Commentary: Proposed changes to 'public charge' rule would harm immigrant patients and their families
As physicians, we are taught that our duty is to do no harm. A proposed rule by the Department of Homeland Security may lead to harm by having the opposite of its intended effect.
The proposed "public charge" rule would make it harder for legal immigrants in this country to extend a visa or qualify for a green card if they have used public benefits. The rule could harm low-income workers by forcing them to choose between accessing vital work supports—basic health coverage, food and housing services that keep them healthy and able to work—and maintaining their immigration status. Their families could be affected, too.
The proposed rule broadens the factors the government considers when determining whether someone is considered a "public charge." Immigration officials make an inference against extending visas or granting new ones when an individual is likely to be a "public charge." The existing definition considers, for example, receiving cash assistance under Temporary Assistance for Needy Families or reliance on Medicaid-funded long-term institutional care when determining which immigrants may come and stay in our country. This makes sense and is good policy because of the financial burden placed on citizens and the fact that, for the most part, these activities involve immigrants not participating in the workforce.
However, in changing the definition, the proposed rule would dramatically expand the types of benefits considered to be a mark against granting or extending visas. They would now include health coverage under Medicaid, food assistance under the Supplemental Nutrition Assistance Program, and federally subsidized housing, all of which are vital to the health of those we are privileged to serve. Beyond benefits, the rule increases the odds that low-income individuals earning below 125% of the federal poverty level ($31,375 for a family of four) could be determined a public charge.

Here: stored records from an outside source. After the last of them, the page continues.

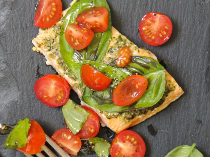 - Томаты подаются к запеченному лососю.
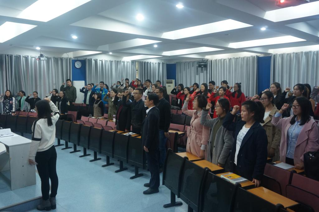 为庆祝党的十九大胜利召开,公司党总支组织开展了“不忘初心,牢记使命”主题党日系列活动,在邀请专家举办学习习近平总书记“7.26”讲话精神专题讲座、组织党员观看十九大开幕会盛况之后,2017年10月18日下午,举行新党员宣誓仪式。本次活动由公司党总支书记张士伟主持,公司各支部负责人及本科生、研究生新入党党员共50余人参加会议。
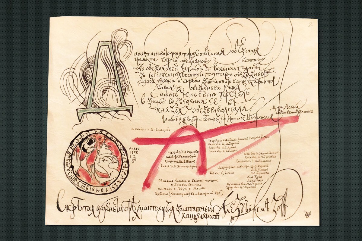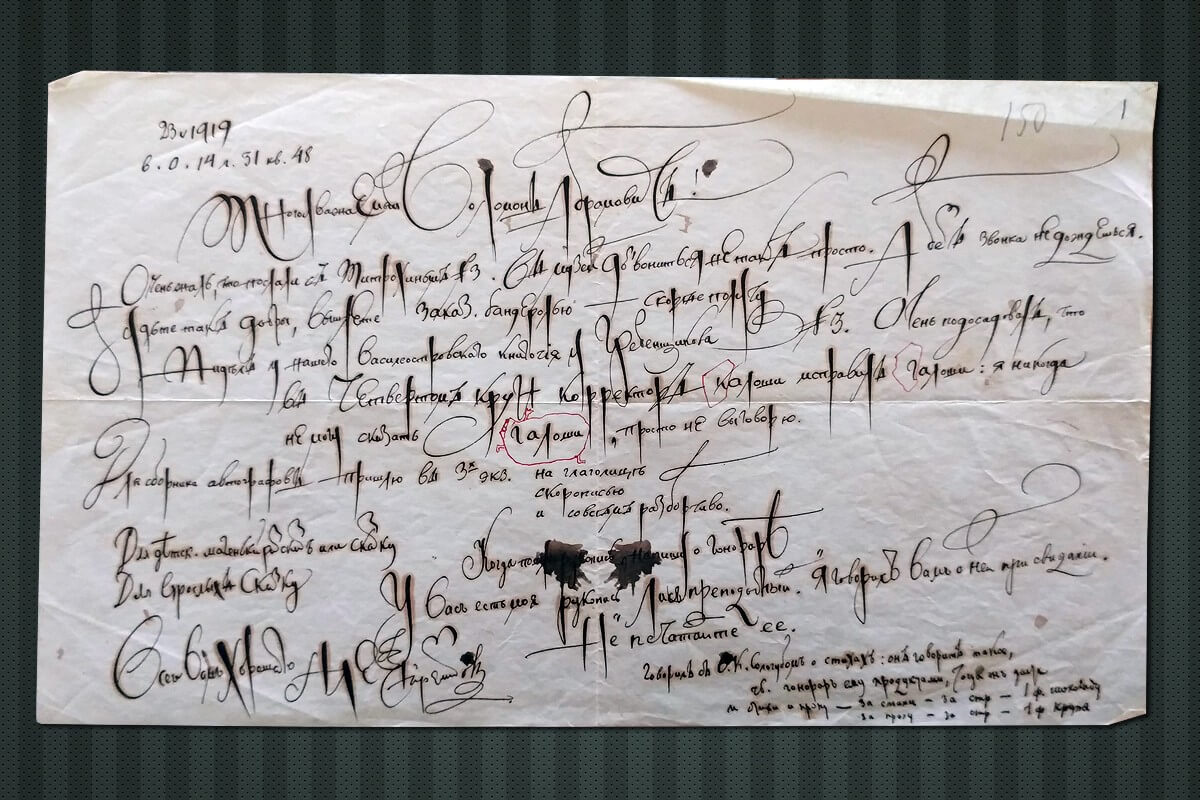 Вы познакомитесь и с Ремизовым-исследователем. Алексея Михайловича интересовала скоропись. Он находил и покупал столбцы XVII века, расшифровывал их и издавал в периодической печати. Скорописи отведена витрина в каталожной комнате отдела рукописей.

From a physician's perspective, these changes throw the rule out of balance. They would discourage work and harm the health of individuals and communities. Immigrants are likely to drop or not apply for Medicaid coverage to avoid jeopardizing their immigration status. And given the rule's incredible complexity, fear and confusion could further erode coverage, even among people receiving benefits not directly included in the rule.
The Department of Homeland Security itself acknowledges that the rule could hinder immigrants' access to healthcare, especially for pregnant women, infants and children. For example, families could increasingly turn to the emergency department as a primary source of healthcare and may be forced to forgo necessary vaccinations, increasing the prevalence of communicable diseases across the country. This should be the end of the debate; a rule that has these consequences is simply unwise from a public health perspective. But in addition to these health concerns, declining use of Medicaid and other public benefits could hurt communities more broadly, increasing poverty, decreasing housing stability, eliminating jobs, and weakening our state and local economies.
I echo concerns jointly expressed by my fellow physicians that the proposed rule threatens the health of individuals and communities. While policymakers are not bound by the Hippocratic oath and its promise to abstain from harming patients, in this case, the federal government should consider the harm that this proposal will do and go back to the drawing board.